Assignment:
Using the records below, transcribe exactly only the lines from the one with "Er zijn onderwerpen" through the end, both included, and drop every picture.
####
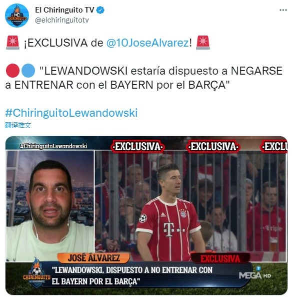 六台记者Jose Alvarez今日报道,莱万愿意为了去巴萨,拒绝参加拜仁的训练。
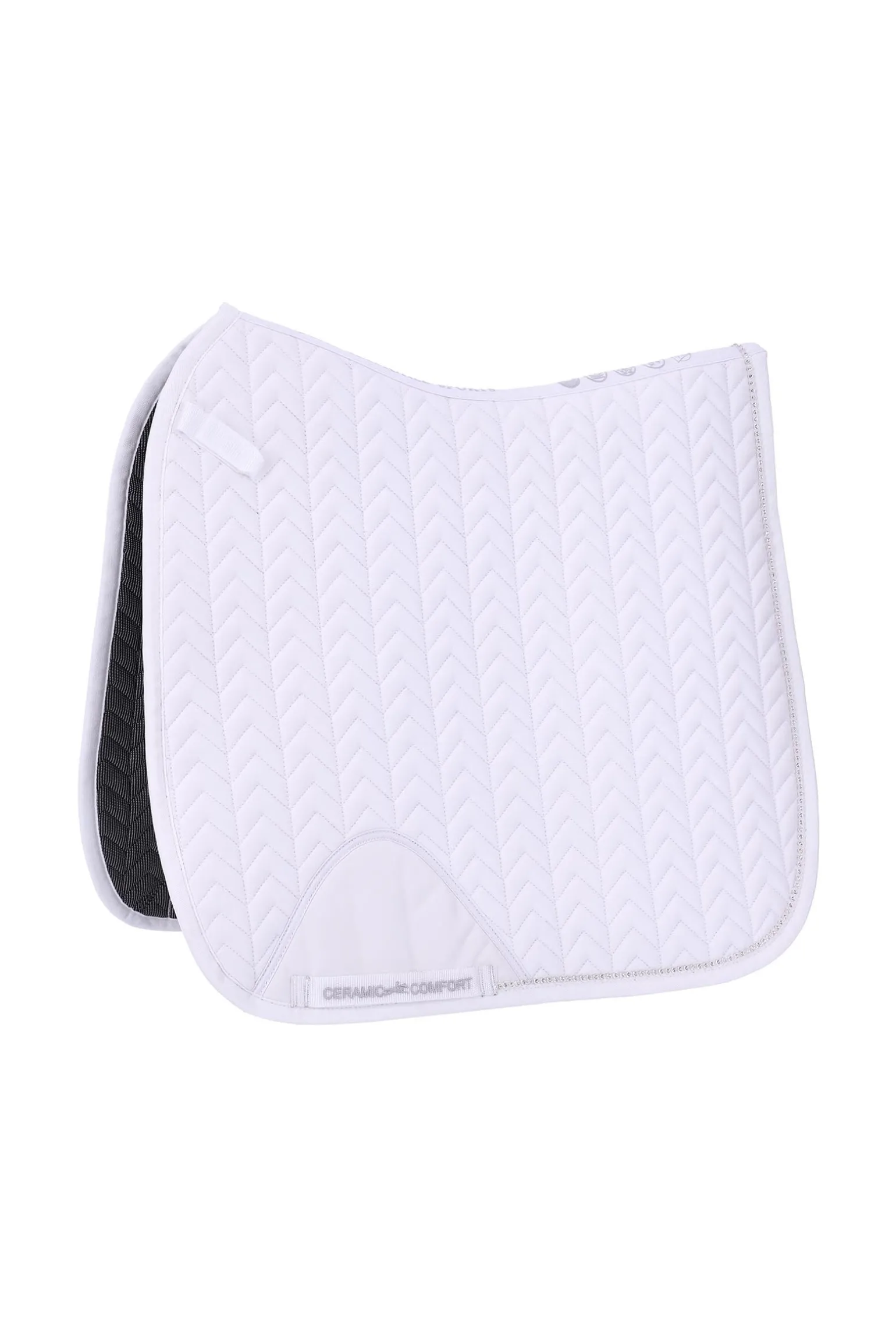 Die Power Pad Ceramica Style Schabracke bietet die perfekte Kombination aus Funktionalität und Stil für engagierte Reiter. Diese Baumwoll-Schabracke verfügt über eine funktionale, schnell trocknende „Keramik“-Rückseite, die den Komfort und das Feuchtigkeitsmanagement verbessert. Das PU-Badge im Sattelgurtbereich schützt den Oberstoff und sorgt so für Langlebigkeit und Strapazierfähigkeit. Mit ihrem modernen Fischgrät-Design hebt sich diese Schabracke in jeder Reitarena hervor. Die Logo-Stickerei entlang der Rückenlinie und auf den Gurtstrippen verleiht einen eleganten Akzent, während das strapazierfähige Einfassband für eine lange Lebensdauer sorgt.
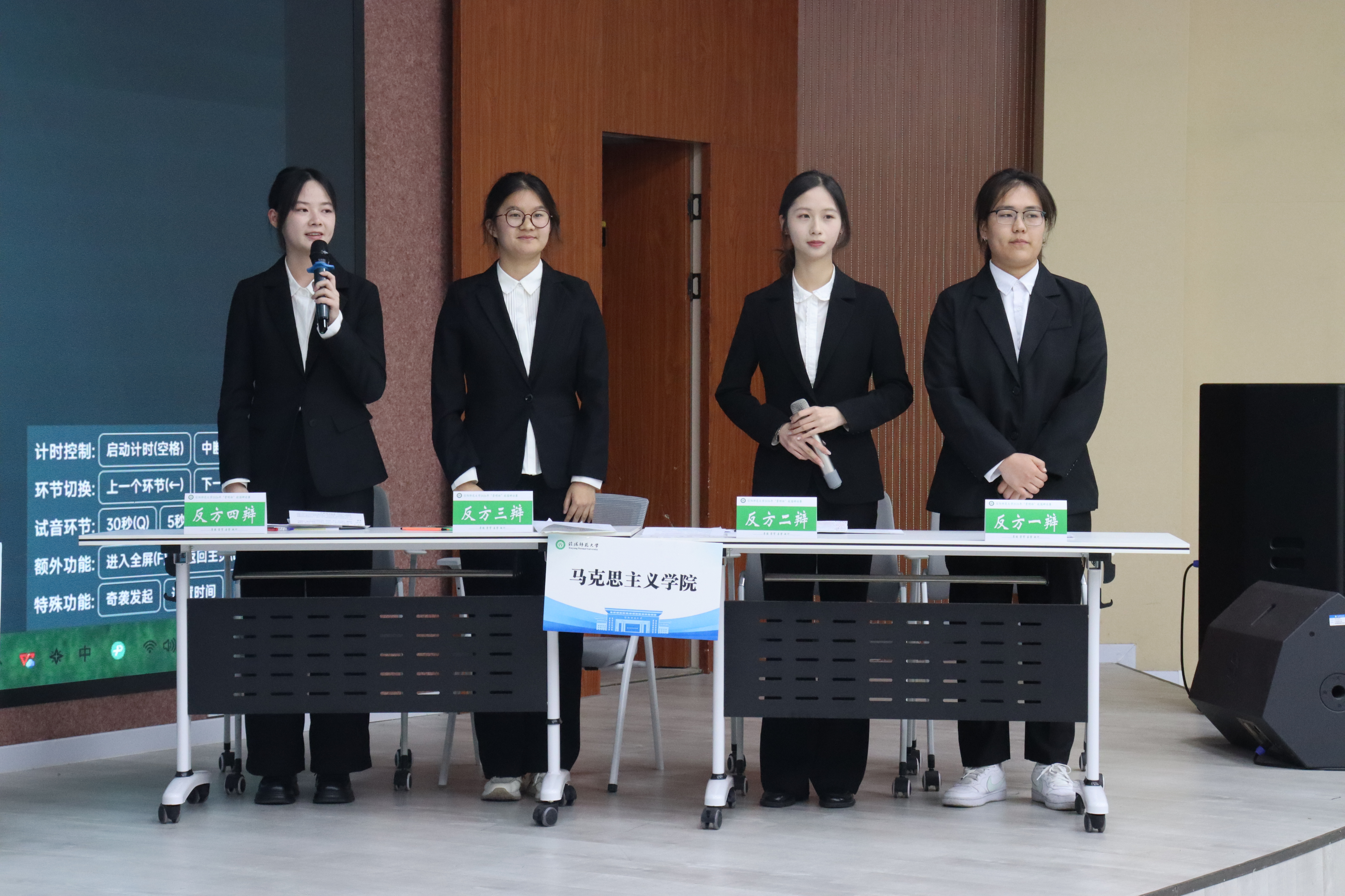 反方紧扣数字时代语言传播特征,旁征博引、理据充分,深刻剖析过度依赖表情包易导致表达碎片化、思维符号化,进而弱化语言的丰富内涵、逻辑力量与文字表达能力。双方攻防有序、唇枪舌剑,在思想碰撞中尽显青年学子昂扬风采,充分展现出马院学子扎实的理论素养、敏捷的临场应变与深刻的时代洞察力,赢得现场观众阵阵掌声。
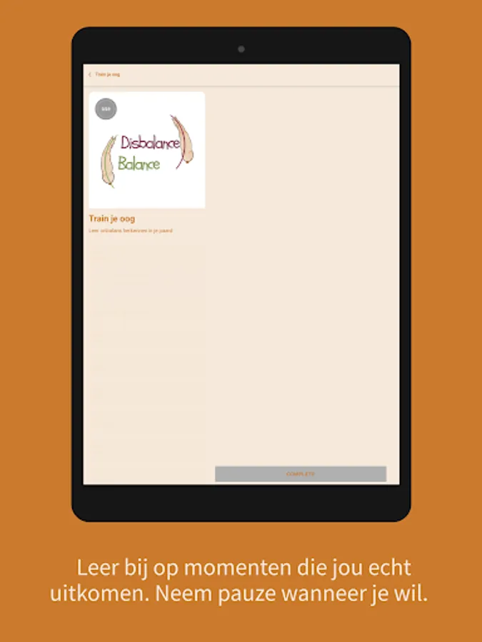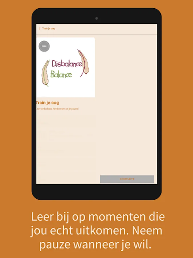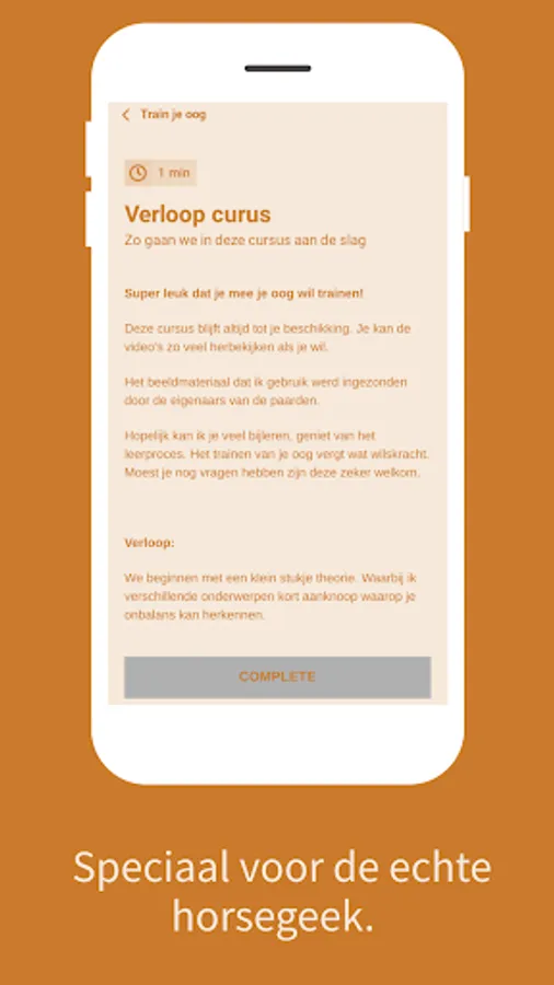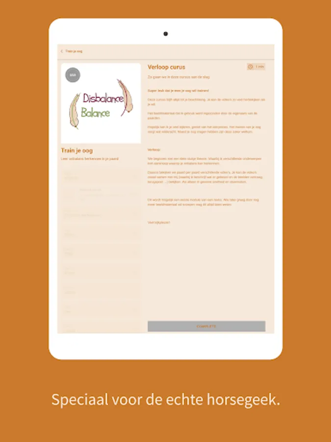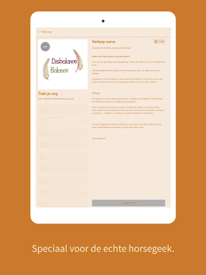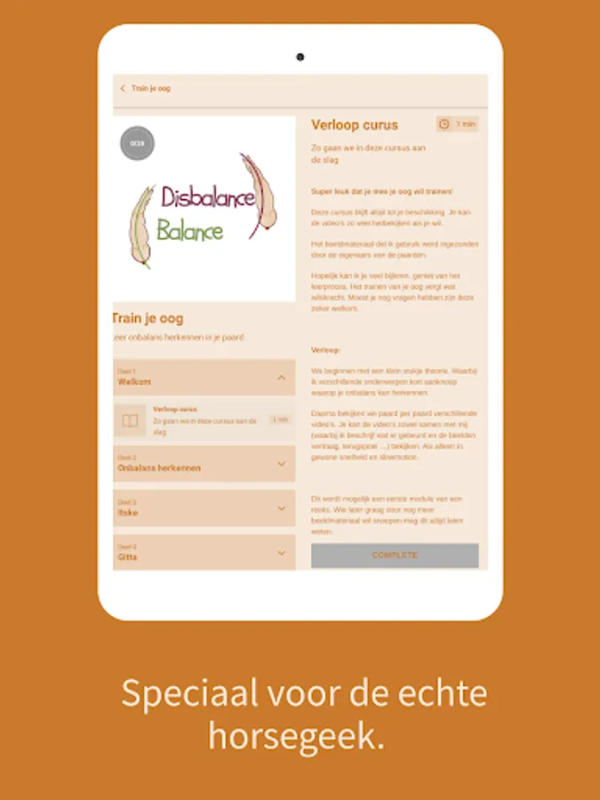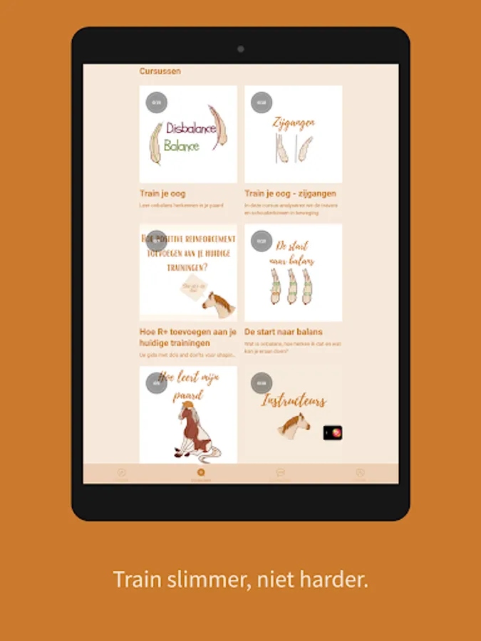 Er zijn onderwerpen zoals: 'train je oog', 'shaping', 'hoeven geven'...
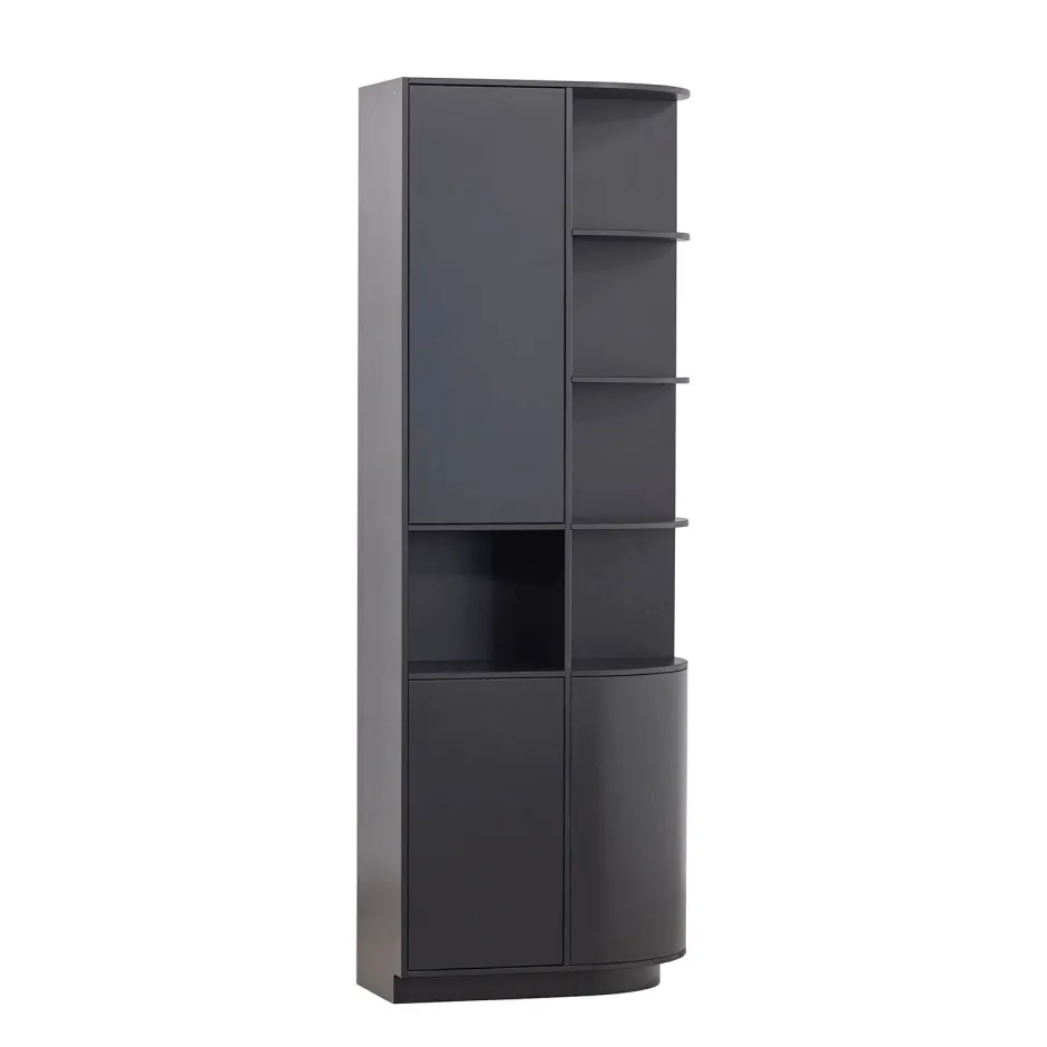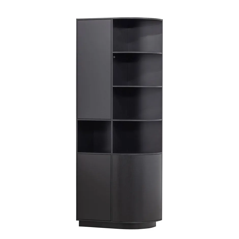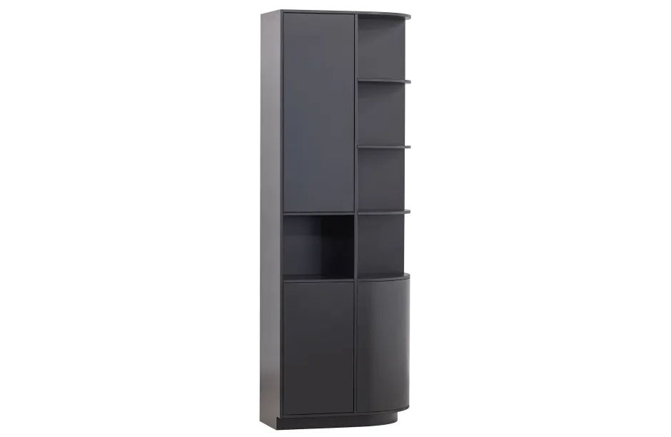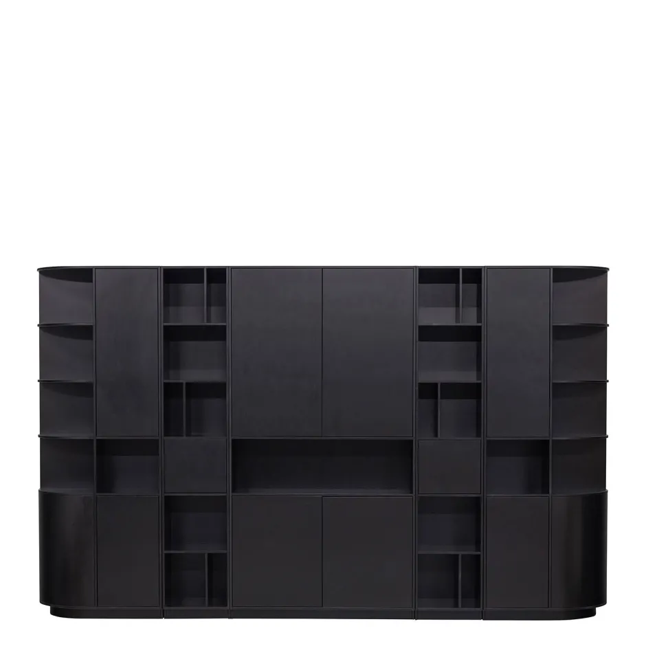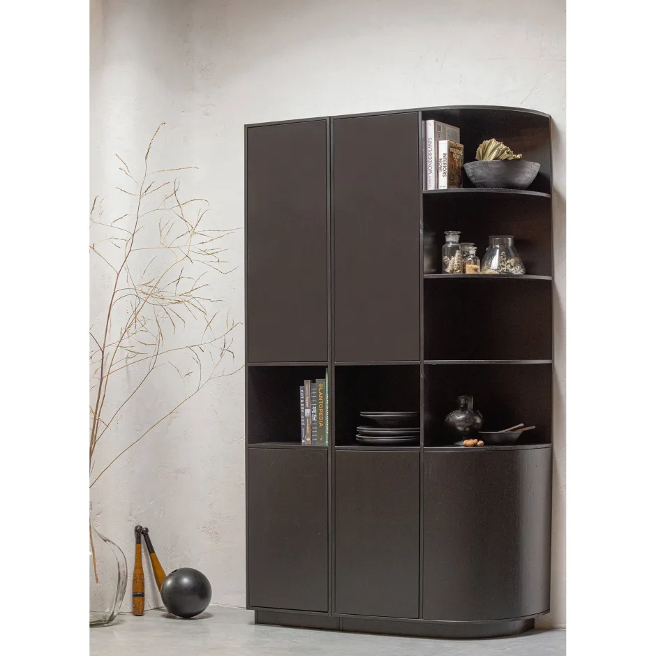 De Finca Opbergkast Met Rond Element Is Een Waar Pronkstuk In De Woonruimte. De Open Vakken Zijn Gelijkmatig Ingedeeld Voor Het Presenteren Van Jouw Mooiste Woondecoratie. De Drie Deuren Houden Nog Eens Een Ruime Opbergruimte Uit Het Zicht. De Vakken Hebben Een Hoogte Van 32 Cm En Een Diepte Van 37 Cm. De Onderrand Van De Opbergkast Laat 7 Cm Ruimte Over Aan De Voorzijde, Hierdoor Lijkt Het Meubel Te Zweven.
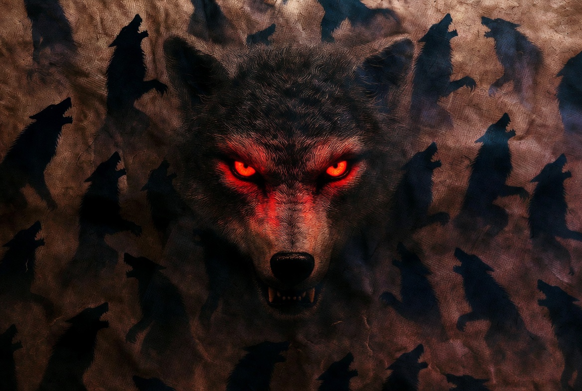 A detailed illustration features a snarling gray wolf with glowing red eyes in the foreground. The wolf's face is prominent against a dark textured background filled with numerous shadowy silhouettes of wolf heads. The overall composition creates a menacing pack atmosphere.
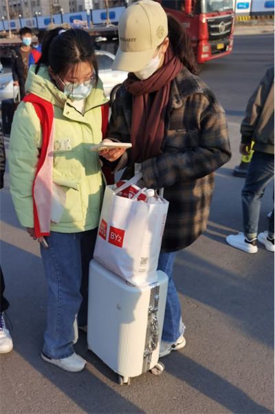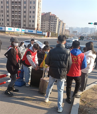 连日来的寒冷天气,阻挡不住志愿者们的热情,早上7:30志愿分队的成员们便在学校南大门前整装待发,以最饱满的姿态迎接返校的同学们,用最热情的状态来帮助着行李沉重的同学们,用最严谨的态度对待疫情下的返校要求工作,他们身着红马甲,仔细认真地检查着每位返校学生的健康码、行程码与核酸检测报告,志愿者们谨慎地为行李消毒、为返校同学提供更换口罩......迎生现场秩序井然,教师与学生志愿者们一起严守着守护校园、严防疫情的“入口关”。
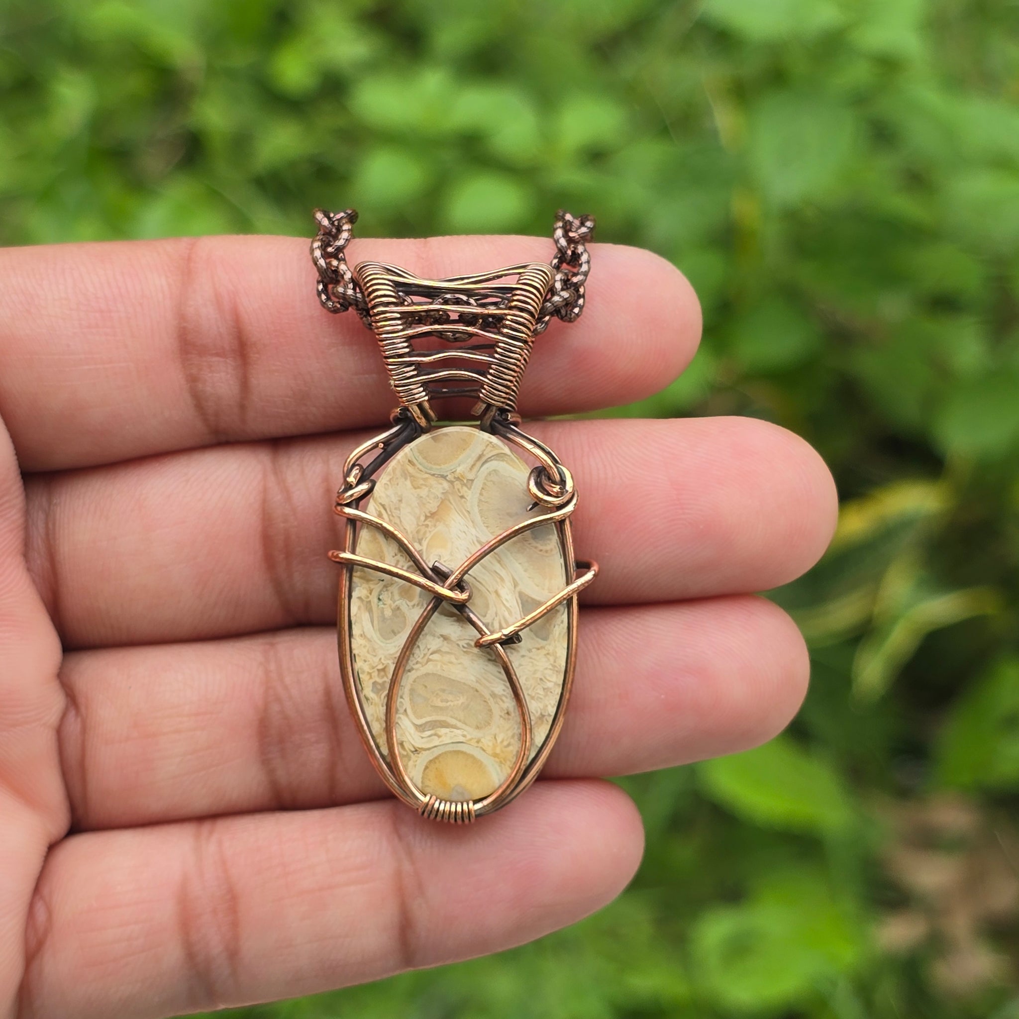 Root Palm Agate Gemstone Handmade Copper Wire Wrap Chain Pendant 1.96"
####
Answer for the task:
 Er zijn onderwerpen zoals: 'train je oog', 'shaping', 'hoeven geven'...
 De Finca Opbergkast Met Rond Element Is Een Waar Pronkstuk In De Woonruimte. De Open Vakken Zijn Gelijkmatig Ingedeeld Voor Het Presenteren Van Jouw Mooiste Woondecoratie. De Drie Deuren Houden Nog Eens Een Ruime Opbergruimte Uit Het Zicht. De Vakken Hebben Een Hoogte Van 32 Cm En Een Diepte Van 37 Cm. De Onderrand Van De Opbergkast Laat 7 Cm Ruimte Over Aan De Voorzijde, Hierdoor Lijkt Het Meubel Te Zweven.
 A detailed illustration features a snarling gray wolf with glowing red eyes in the foreground. The wolf's face is prominent against a dark textured background filled with numerous shadowy silhouettes of wolf heads. The overall composition creates a menacing pack atmosphere.
 连日来的寒冷天气,阻挡不住志愿者们的热情,早上7:30志愿分队的成员们便在学校南大门前整装待发,以最饱满的姿态迎接返校的同学们,用最热情的状态来帮助着行李沉重的同学们,用最严谨的态度对待疫情下的返校要求工作,他们身着红马甲,仔细认真地检查着每位返校学生的健康码、行程码与核酸检测报告,志愿者们谨慎地为行李消毒、为返校同学提供更换口罩......迎生现场秩序井然,教师与学生志愿者们一起严守着守护校园、严防疫情的“入口关”。
 Root Palm Agate Gemstone Handmade Copper Wire Wrap Chain Pendant 1.96"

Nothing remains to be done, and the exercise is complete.